Mais va voir un autre homme qui ne serait pas contre de t'aimer, ma pauvre fille !

Recommencer à faire des rencontres ? Non ! je ne m'en sens pas encore capable. Et puis je suis bien avec la présence de Nilson. Mon corps ne se crispe pas à chaque fois qu'il me touche. En tout cas la première fois où sa peau est entrée en contact avec la mienne, je me suis senti femme dans ses bras. Je sais, j'ai l'air d'une petite fille trop naïve puisque je ne le connais que depuis ce week-end.

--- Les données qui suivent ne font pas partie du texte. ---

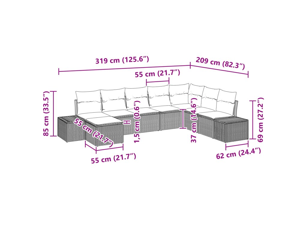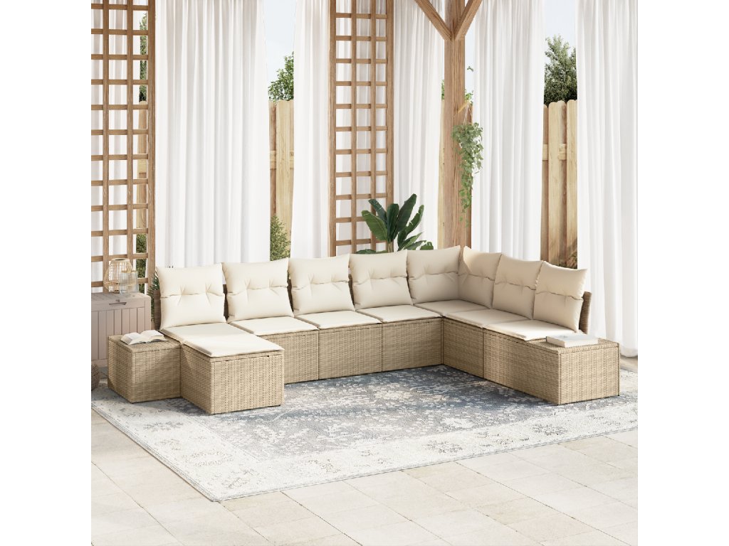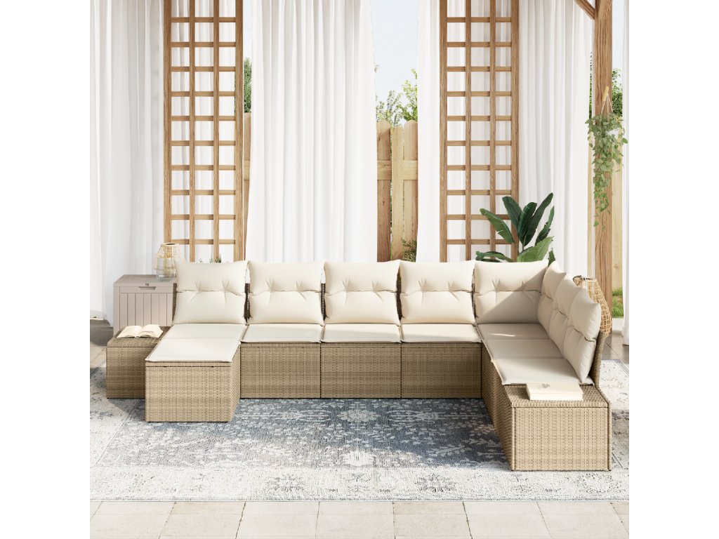 Sada zahradních pohovek s polštářem 8 pcs Béžová polyratan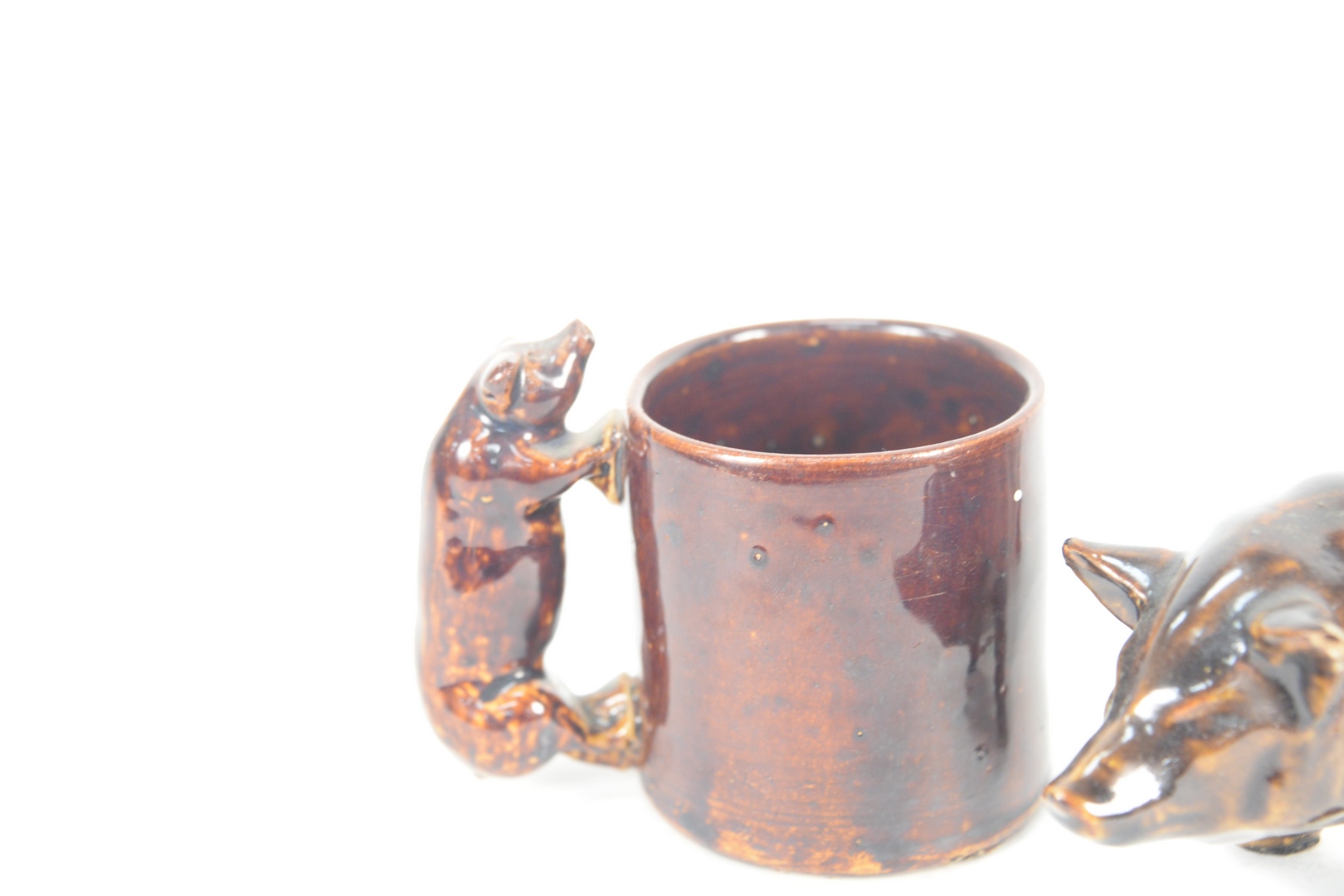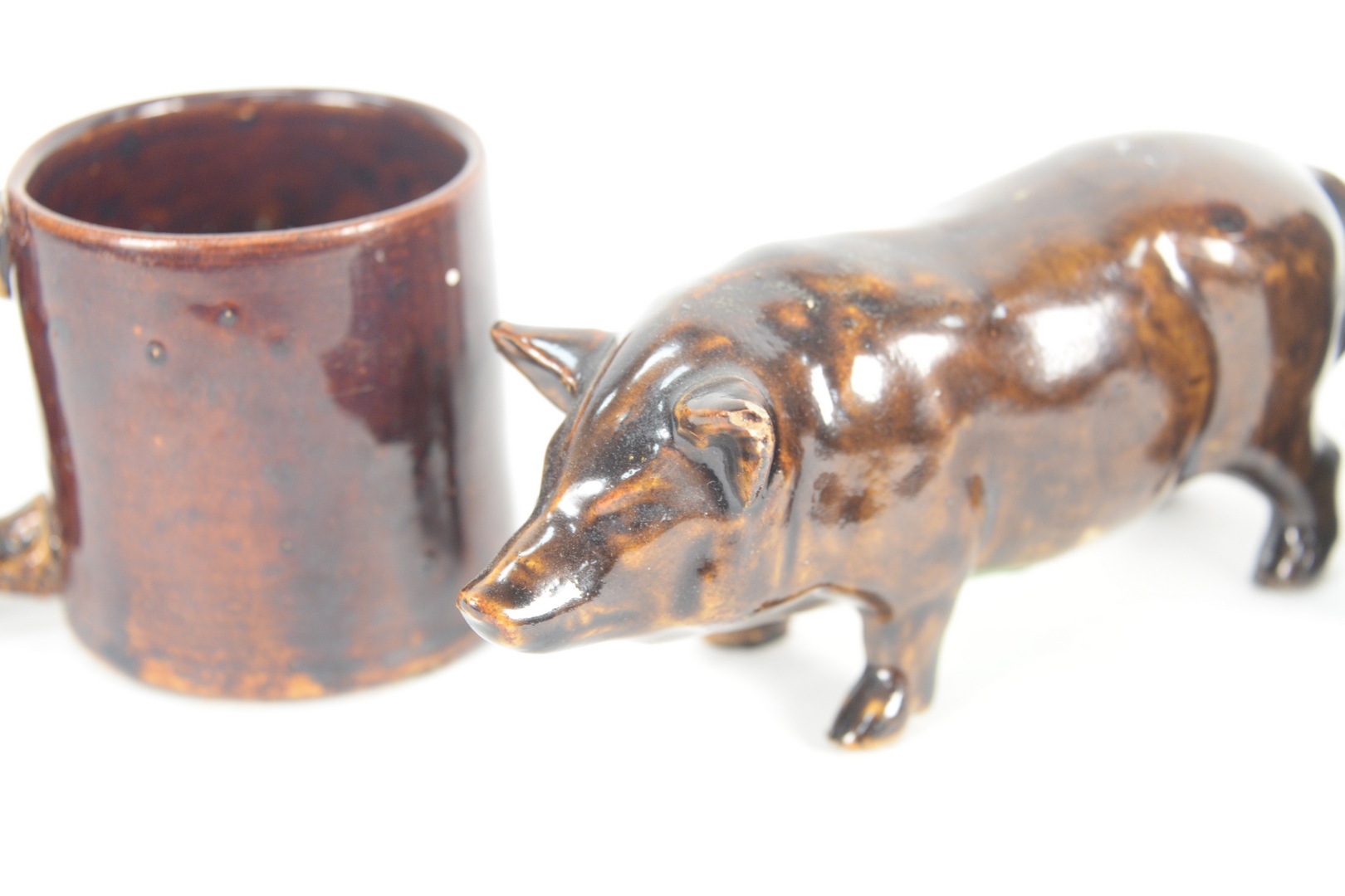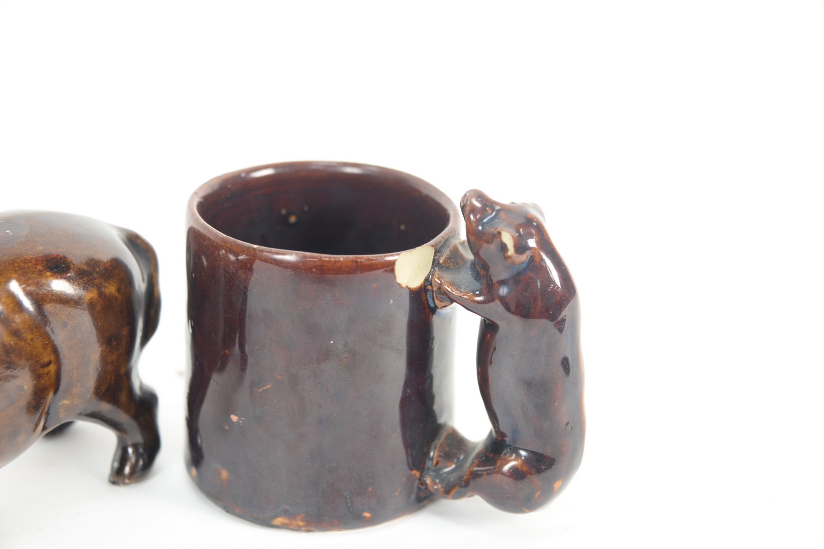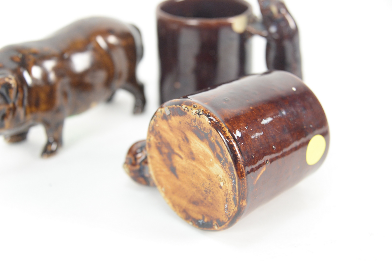 Three Brown Glazed Pottery Pieces, to include standing pig, height 4 inches along with a pair of mugs with pig form handles, height 3 inches. Provenance: 1975 Sotheby Parke Bernet receipt. The Estate of Diana Atwood Johnson.

- Qu'est-ce que tu fais cacher derrière la machine à café ? me lance une voix derrière moi.

Je me tourne, c'est Bianca et une autre fille – Sonia qui est sa stagiaire. Cette dernière est aussi petite que moi. Par contre, au contraire de moi elle a le teint hâlé tandis que je suis aussi blanche qu'un cachet d'aspirine – malgré le soleil de Nice. J'en suis presque jalouse.

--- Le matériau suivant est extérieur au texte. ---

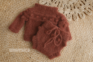 Baby newborn sweater and bloomers, rust burnt orange, bubbles, RTS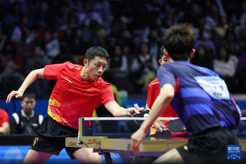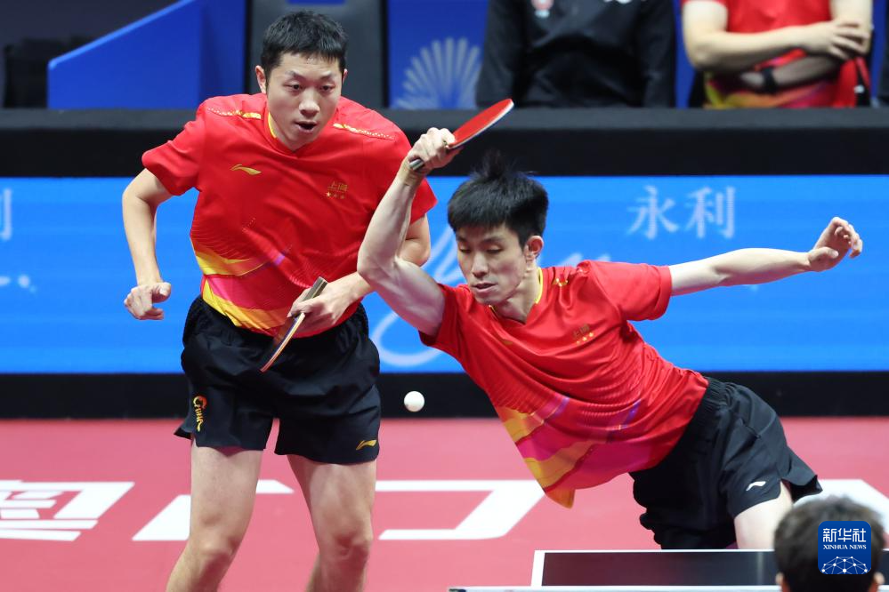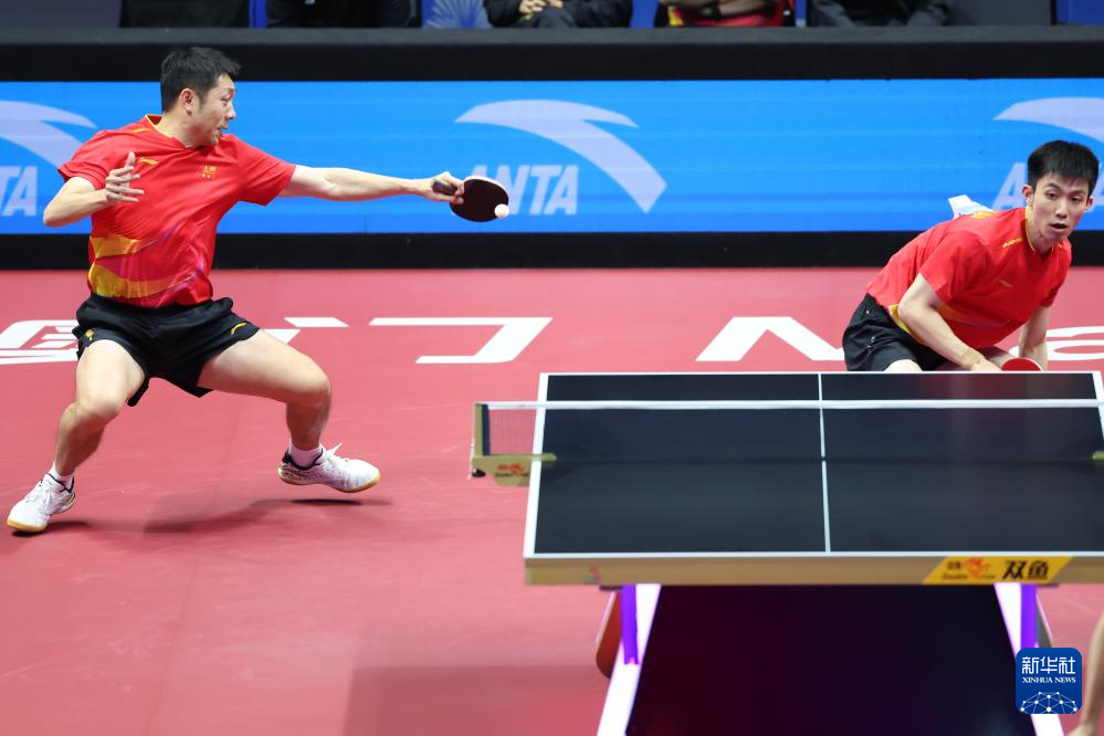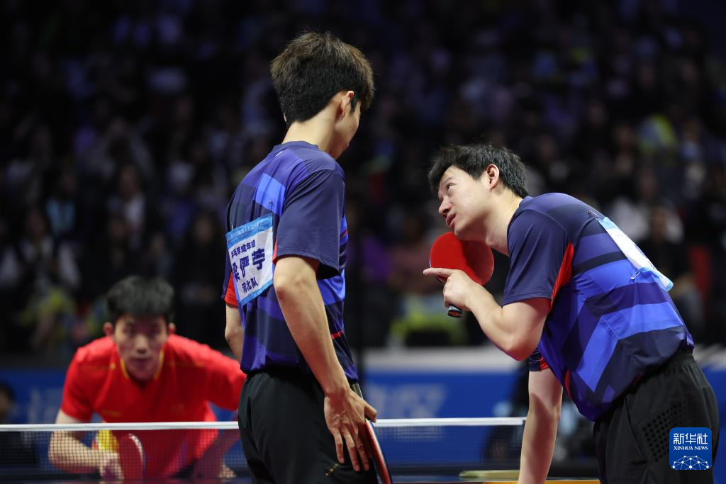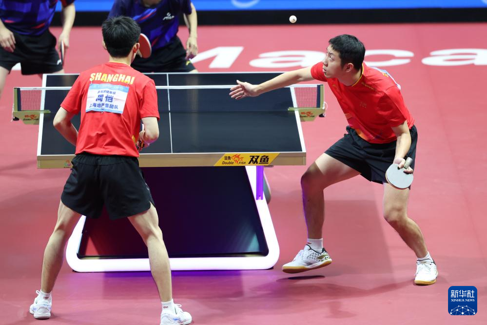 11月18日,上海队组合许昕(左)/周恺在比赛中,他们在双打比赛中3比1战胜河北队组合周雨/梁俨苧。

- J'essaie d'éviter une certaine personne je dis.

- Ah bon, qui c'est ? me demande Sonia

- Euh... mon petit ami, je dis hésitante

Bianca me regarde en fronçant les sourcils sans rien dire.

- Mais pourquoi tu l'évites, vas lui dire bonjour ! me dis Sonia toute joyeuse.

- Sonia tu voudrais bien nous laisser, j'ai à lui parler, sourit faussement Bianca.

Sonia hoche la tête, me salue et s'en va. C'est alors que Bianca me prend par le bras pour m'obliger à m'assoir à une table éloignée des autres :

- C'est quoi ce délire ?

- C'est le meilleur ami de John, je dis laconique.

- Mais c'est qui ce gars ?

- Celui du club, je chuchote.

Je vois son visage s'éclairer. Elle se lève en sursaut après m'avoir indiqué qu'elle revenait. Et je la vois partir vers le bureau de Jonathan

Mais que fait-elle ?

Exaspérée par la curiosité de mon amie, je m'affale sur la table dans un gros soupire. Et c'est là que je sens mon téléphone vibrer sur la table :

De : Monsieur

A : Mia ROY

C'est ok pour ce soir ?

J'ai dit à John que nous étions de vieux amis, je n'en ai pas dit plus. Il va te poser des questions, tu devrais te preparer.

Ps : Tu dois encore me raconter ta petite histoire pour que je te punisse...

Comment ça pour qu'il me punisse ?! Non ! je n'ai rien fait volontairement.

- C'est qui ? me dit Bianca qui est revenue.

- Lui... Qu'est-ce que t'es partie faire dans le bureau de Jonathan ?

- Ben j'avais un papier à lui faire signer et j'ai pris cette excuse pour aller voir à quoi ressemble l'Ambitieux, me dit-elle sournoise.

Je ris au surnom qu'elle lui a attribué.

- Alors qu'est ce qui se passe ? Pourquoi tu te caches de lui ?

- Il me fait peur... Je ne peux pas tomber amoureuse de lui et pourtant je ne suis vraiment à rien de l'être. C'est idiot... je sais. Mais je crois que je suis prête à souffrir pour être auprès de lui.

- Pourquoi tu dis ça ? Il te l'interdit ?

Je secoue la tête :

- Au contraire, ça ne le dérange pas que je tombe amoureuse de lui, ça l'arrange mais de son côté il ne le sera pas. Il a été clair sur ça. Ce veut dire que lorsqu'il se lassera de moi, je serais la seule à en souffrir. Et ce soir il veut qu'on aille chez lui, c'est dangereux pour moi.

- Pourquoi ça ?

- Parce que je risque d'en apprendre un peu plus sur lui...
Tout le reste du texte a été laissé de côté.